### Derivation of time independent Schrodinger wave equation

Time independent Schrodinger wave equation:

We know the time dependent Schrodinger wave equation:

$i \hbar \frac{\partial \psi(x,t)}{\partial t}= -\frac{\hbar^{2}}{2m} \frac{\partial^{2} \psi(x,t)}{\partial x^{2}}+ V(x) \psi(x,t) \qquad(1)$

The wave function $\psi(x,t)$ is the product of space function $\psi(x)$ and time function $\psi(t)$. So

$\psi(x,t)=\psi(x) \psi(t) \qquad (2)$

Now apply the wave function form of equation$(2)$ to time dependent Schrodinger wave equation $(1)$

$i \hbar \psi(x) \frac{d \psi(t)}{d t}= -\frac{\hbar^{2}}{2m} \psi(t) \frac{d^{2} \psi(x)}{d x^{2}}+ V(x) \psi(x) \psi(t) \qquad(3)$

In the above equation $(3)$ ordinary derivatives is used in place of partial derivatives because each of function $\psi(x)$ and $\psi(t)$ depends on only one variable.
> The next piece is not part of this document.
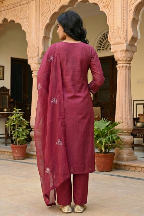 • Original Name : Maroon Silk Embroidered Suit with Pant & Dupatta
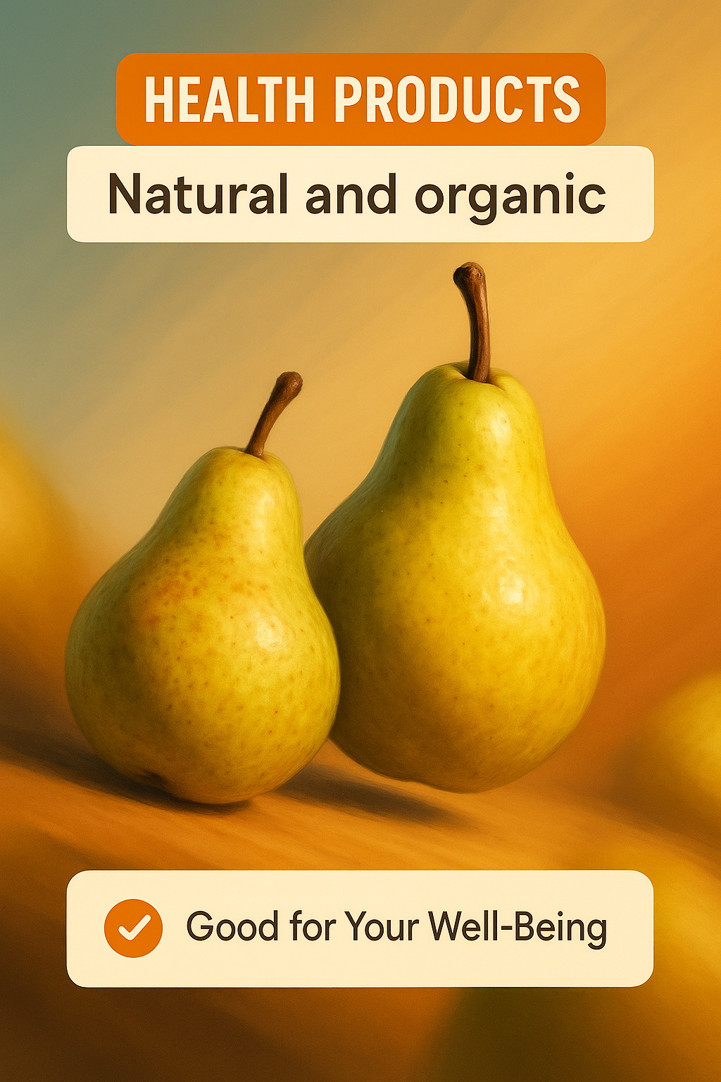 This image is a vibrant graphic showcasing two pears, representing natural and organic health products. It is ideal for marketing or informational purposes.

Now divide the above equation $(3)$ by $\psi(x)\psi(t)$ so

$i \hbar \frac{1}{\psi(t)} \frac{d \psi(t)}{d t}= -\frac{\hbar^{2}}{2m} \frac{1}{\psi(x)} \frac{d^{2} \psi(x)}{d x^{2}}+ V(x) \qquad(4)$

The above equation is known as the separation of time-independent part and time-independent part of the wave equation. The time-independent part is known as the energy function operator. i.e

$E=i \hbar \frac{1}{\psi(t)} \frac{d \psi(t)}{d t} \qquad(5)$

So from equation $(4)$ and equation$(5)$

$E= -\frac{\hbar^{2}}{2m} \frac{1}{\psi(x)} \frac{d^{2} \psi(x)}{d x^{2}}+ V(x)$

$E \psi(x)= -\frac{\hbar^{2}}{2m} \frac{d^{2} \psi(x)}{d x^{2}}+ V(x) \psi(x)$

$\frac{d^{2} \psi(x)}{d x^{2}}+\frac{2m}{\hbar^{2}}(E-V)\psi(x)=0$

This is time-independent Schrodinger wave equation.

Now for a free particle i.e, there is no force acting on the particle then the potential energy of a particle will be zero i.e. $V(x)=0$. Therefore time independent Schrodinger equation can be written as:

$\frac{d^{2} \psi(x)}{d x^{2}}+\frac{2mE}{\hbar^{2}}\psi(x)=0$

This is time-independent Schrodinger wave equation for a free particle.